Like I said if I was making an advertisement for her I would have a professional photographer come and do good conformation and undersaddle (both dressage and jumping) pictures. 

Does no one want to take a stab at pricing her?


----------



## upnover (Jan 17, 2008)

What a cutie!! 

There are several factors that add the value of a hunter pony. First of all, how tall is she exactly? If she is a bit over 14.2 most hunter trainers will not touch her with a 10 foot pole. A 14.3 "hony" has very little value in the hunter world unfortunately.

Also, at hunter shows adults cannot show in pony divisions. Sometimes an adult can show a pony in certain divisions. So unless a pony is kid friendly, it's a hard sell, unless you can find a tough kid who can put the pony in a training program. 

Movement and jump is extremely important. She looks like she'd be a cute mover but I can't tell for certain without a video. She looks like she can jump but like Maura said, i wouldn't be overly impressed at all. In fact, my first thought is, "how fixable is her jump?" I have a feeling it could be, but without a good picture I wouldn't take her too seriously.

A trained hunter MUST have a lead change. For a kid's pony? An auto change is worth even more. So when it comes to training, I'd start working on getting those changes. 

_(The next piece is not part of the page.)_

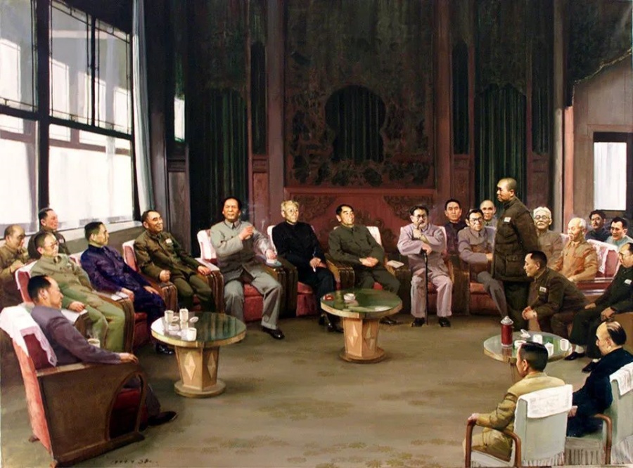 9月15日,侵朝美軍在朝鮮西海岸的仁川實(shí)施登陸。自此,美軍和南朝鮮軍轉(zhuǎn)入全面反攻,朝鮮戰(zhàn)局發(fā)生逆轉(zhuǎn)。10月1日,金日成給毛澤東致信,向中國(guó)政府提出出兵支援的請(qǐng)求。同日,斯大林在給毛澤東的電報(bào)中也建議中國(guó)至少派出五六個(gè)師,掩護(hù)朝鮮人民軍在三八線以北組織后備力量。在接到朝鮮方面的請(qǐng)求后,10月2日下午,毛澤東主持召開(kāi)中共中央書(shū)記處會(huì)議,討論朝鮮戰(zhàn)局和中國(guó)出兵援朝問(wèn)題。會(huì)上多數(shù)人不贊成出兵,遂決定4日召開(kāi)擴(kuò)大的中共中央政治局會(huì)議繼續(xù)討論。毛澤東要周恩來(lái)派飛機(jī)到西安,接彭德懷到北京參加會(huì)議。當(dāng)天,毛澤東給斯大林回電表示暫不出兵。
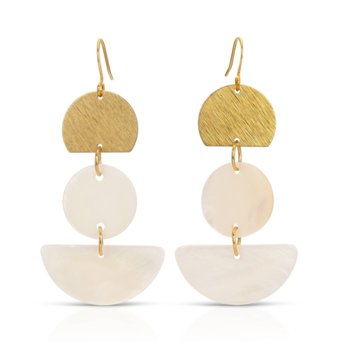 Breezy and lightweight, these textured brass and mother of pearl geometric shapes make bold statement. – Raw Textured (lacquered) brass- mother of pear- Gold-over-brass ear wire – 2.5″ length- Handmade in California

So a cute looking pony, who's a cute mover, has a decent jump that can most likely improve, but isn't all that kid friendly? Eh, I'd say you could possibly market her for $18-2000ish in my area to a trainer. Get her jumping small courses quietly, get a local level show record on her? Maybe about $3000, 4500 AT MOST. But, might be hard to find a buyer. Put a lead change on her and get her going well enough for a kid to jump her around? $10,000 nego if she was in training at the right barn with the right trainer. (bigger names will get you higher prices) Keep in mind, her personally may never be a great kid's pony so she might not get to this point for a long long time if ever. And the time it takes for her to be in training and show fees to get her to 10k? Very possible to lose money in the deal.


----------